За несколько стаканов крови - Мерцалов Игорь (читаем бесплатно книги полностью .TXT) 📗
— Они сами разбежались… из-за тебя же, когда ты нас бросил! — дергаясь в путах, выкрикнул Жмурий. — А кто остался — мы и есть бригада!
— Вот и занимайтесь тем, для чего бригады существуют.
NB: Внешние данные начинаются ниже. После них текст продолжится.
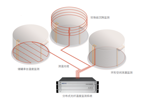 光格LNG儲罐綜合監測系統,由分布式光纖測溫主機及相應的附件組成,包含儲罐承臺溫度監測、儲罐珍珠巖沉降監測和儲罐環形空間泄漏監測。獨創的環形監測系統,當光纜發生單點破壞后,不影響火災探測系統工作性能,大幅度提升系統可靠性。
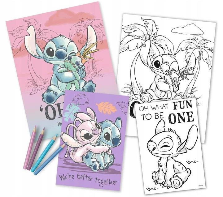 Ten zestaw zawiera dwie kolorowanki z różnorodnymi obrazkami Stitcha, które zapewnią godziny zabawy oraz rozwijania umiejętności artystycznych i motorycznych.
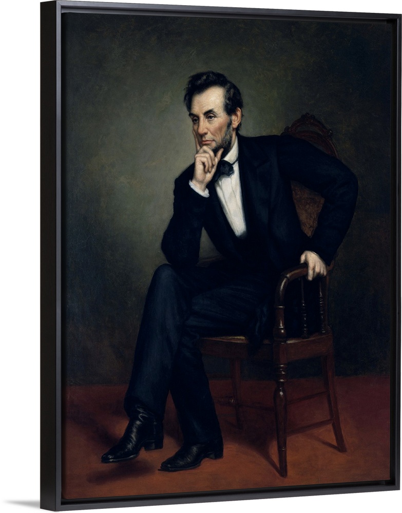 <p>Vintage American Civil War painting of President Abraham Lincoln seated in a chair.</p>

Усвой уже, что я всерьез тогда сказал: пропади пропадом и мы с тобой, и вся наша войнушка, и все это Богом проклятое графство во веки веков, со всей дурью, со всей злобой, у нас накопившейся! И дурни вы все, если ждали, будто я покочевряжусь, а потом пойду по кабинетам выбивать вам почести за убийства и грабеж! Вот вам всем!..
Хмурий Несмеянович сложил из пальцев кукиш и завершил речь кратко, но с чувством, предложив и бывшей бригаде своей, и графству обойтись без него и без клада, удовлетворившись вместо этого двумя-тремя весьма позорными действиями.
Яр недовольно кашлянул, показав глазами на покрасневшую жену, но Хмурий Несмеянович только рукой махнул.
— Не до политесов нам уже, клад заждался. Ты, корнет, дуй за брикой. Я пойду посмотрю, все ли в порядке, сниму чары. Яр, между делом собери оружие этих национальных героев и держи наготове, мало ли что.
— Может, и мне с тобой на всякий случай? — спросил берендей. — Что-то неспокойно на душе.
— Во-первых, не переживай, я через пять минут вернусь. Во-вторых, все равно никому не позволю смотреть, как я чары снимаю. В-третьих, приказы не обсуждаются. Звеньевой, за дело, корнет, за экипажем! Все, я пошел.
Слово «приказ» не произвело на слушателей большого впечатления. Персефоний вообще не воспринимал «корнета» как звание, Яр тоже не числил себя действующим звеньевым, Блиска тем более, а главное — несмотря на благополучное разрешение ситуации, все и впрямь испытывали какую-то тревогу.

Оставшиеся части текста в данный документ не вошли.